Upcoming Colorado Fungal Learning Opportunities

by Jennifer Frazer on May 18, 2011

Can *you* ooze blood from your skin without the help of a friendly hemorrhagic fever virus? Didn't think so. This red fluid isn't actually blood, but I have no idea what it is. Hydnellum peckii -- "Strawberries and Cream" -- in the mountains of central Colorado near Winter Park. Author's photo.

So . . . you like what you’ve heard about fungi and want to learn more. And you live in the general Frontal Range area. Then have I got some opportunities for you: next Monday I will be giving the same lecture I gave in March at the Colorado Mycological Society (“The Many Ways to be a Fungus (in Colorado)”) for the Pikes Peak Mycological Society in Colorado Springs. See here if you’d like to come — the meeting is free.

Then, this August, I’ll be once again teaching “Wild Mushrooms” for the Boulder County Nature Association. It’s an evening lecture in Boulder followed by two field trips on Saturday mornings two weeks apart. Lots of fun will be had by all. $80, or $70 if you’re a BCNA member — find out more here.


{ 2 comments… read them below or add one }

kati May 18, 2011 at 11:07 pm

why don’t i ever get to see this stuff when i’m exploring?! must explore harder….
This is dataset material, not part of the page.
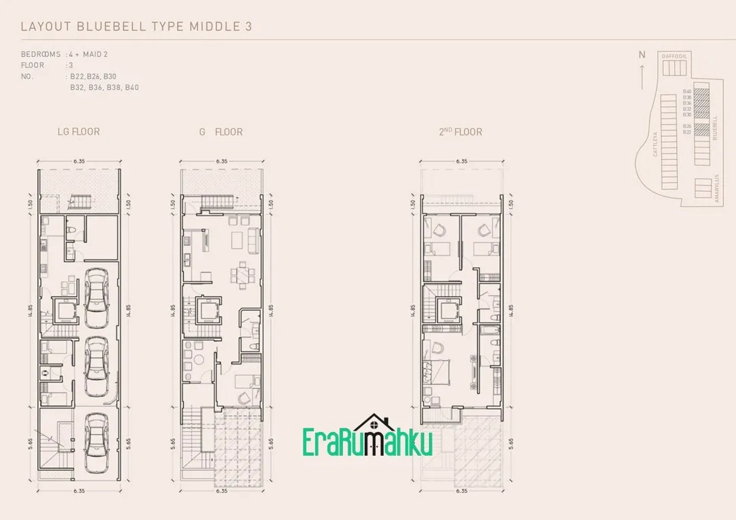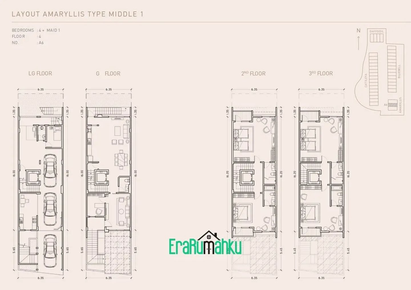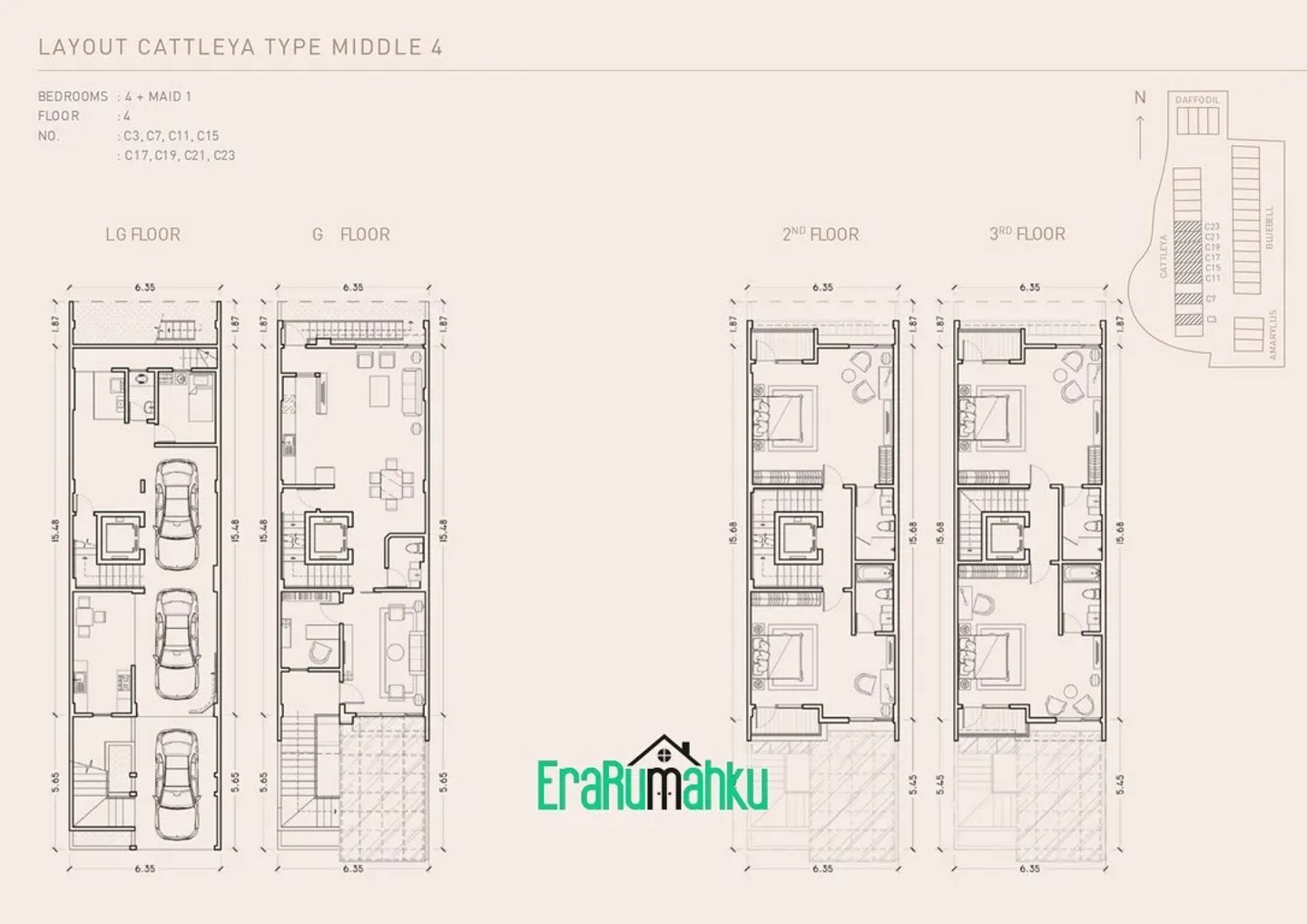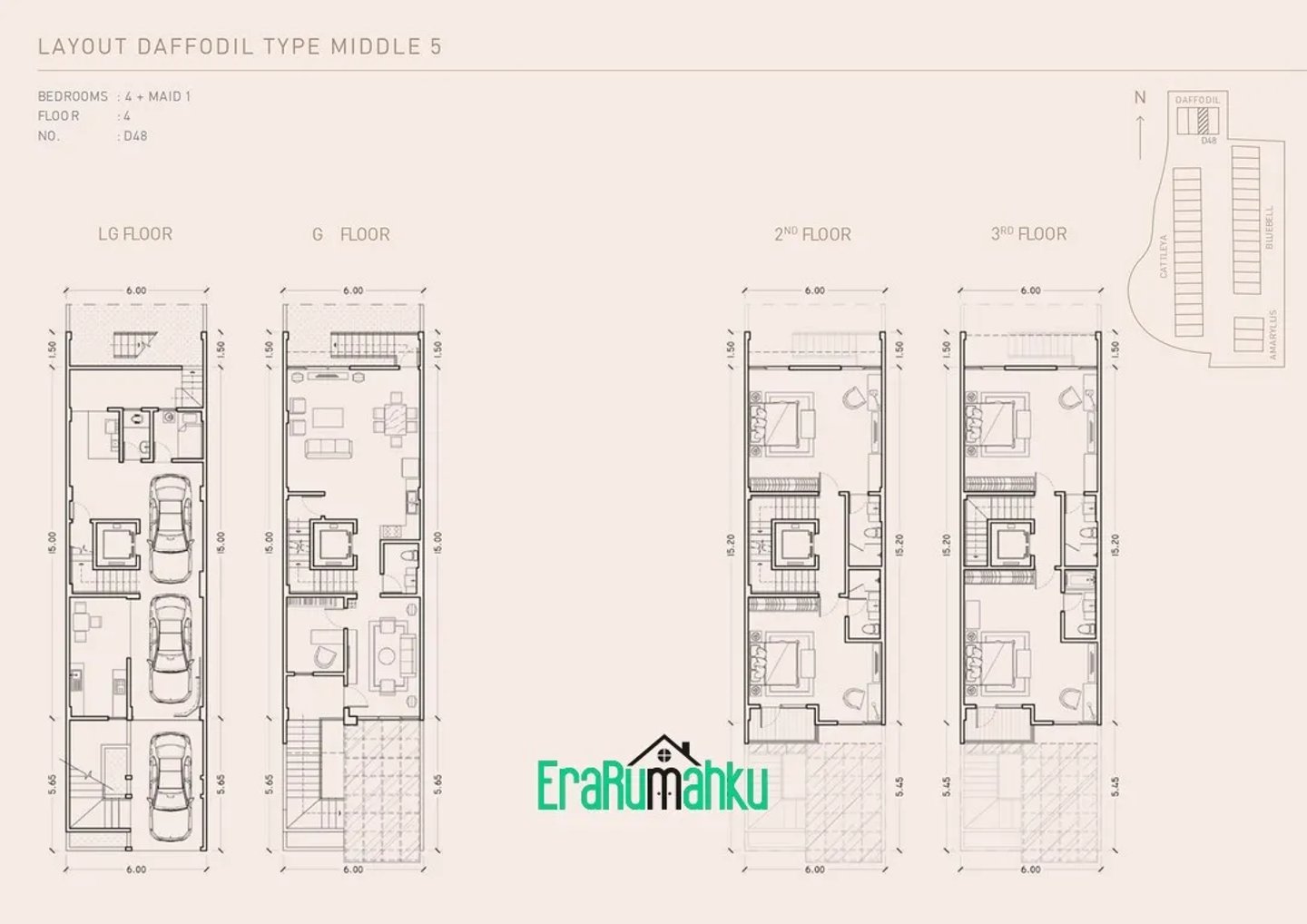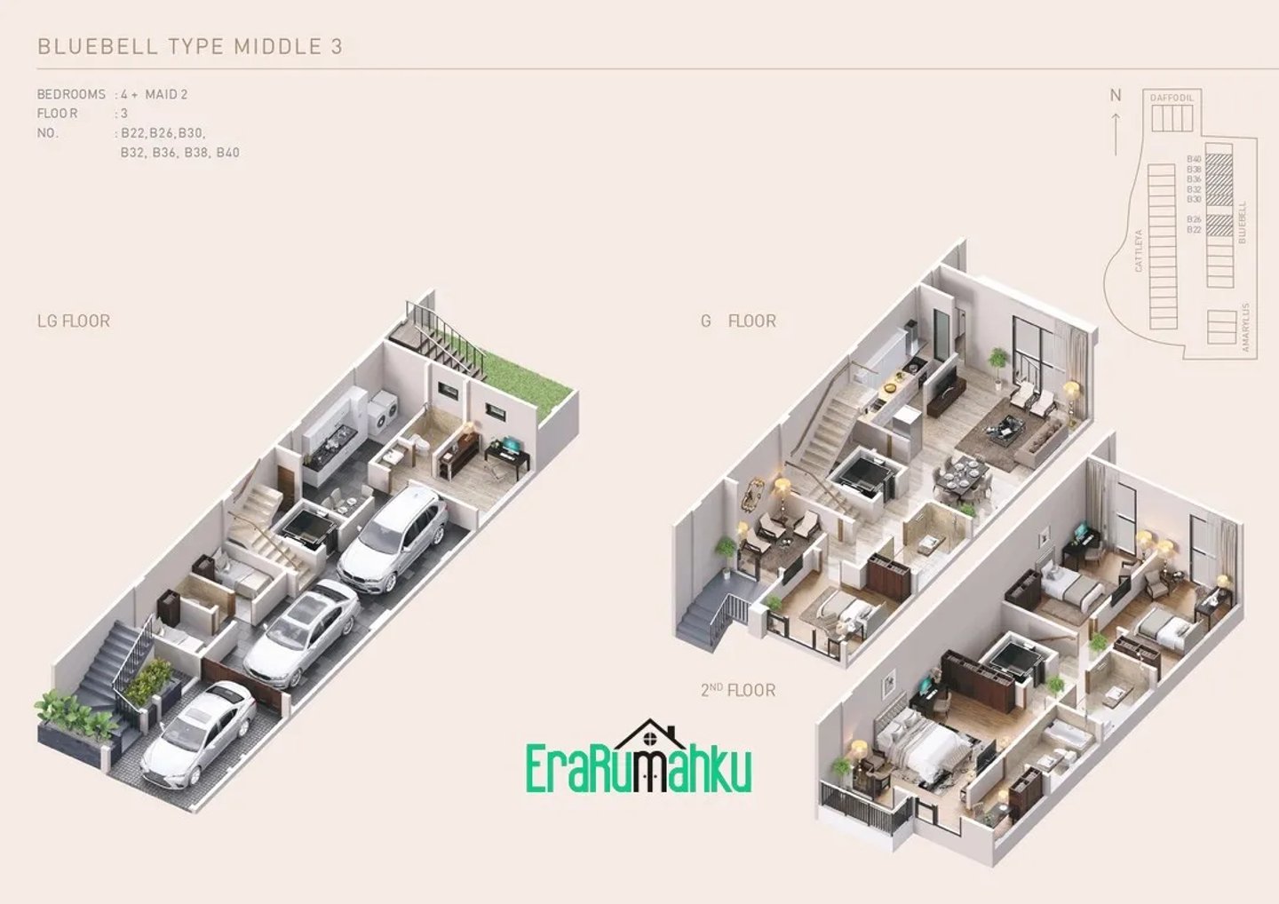 Perumahan ini menawarkan rumah 4 lantai, masing-masing memiliki 5 kamar tidur, 5 kamar mandi, kamar pembantu, dan tempat parkir untuk beberapa kendaraan.

Jennifer Frazer May 19, 2011 at 7:32 am

Check out the moist areas next to creeks and bogs! Those are the best. Wet = fungus heaven. The plants in those areas are often unique too. Lady slipper orchids tend to hang out in bogs, and of course so do mosses and liverworts. Important safety tip: Do not actually step in bog. In addition to being bad for bog, will guarantee a miserable walk back to the car.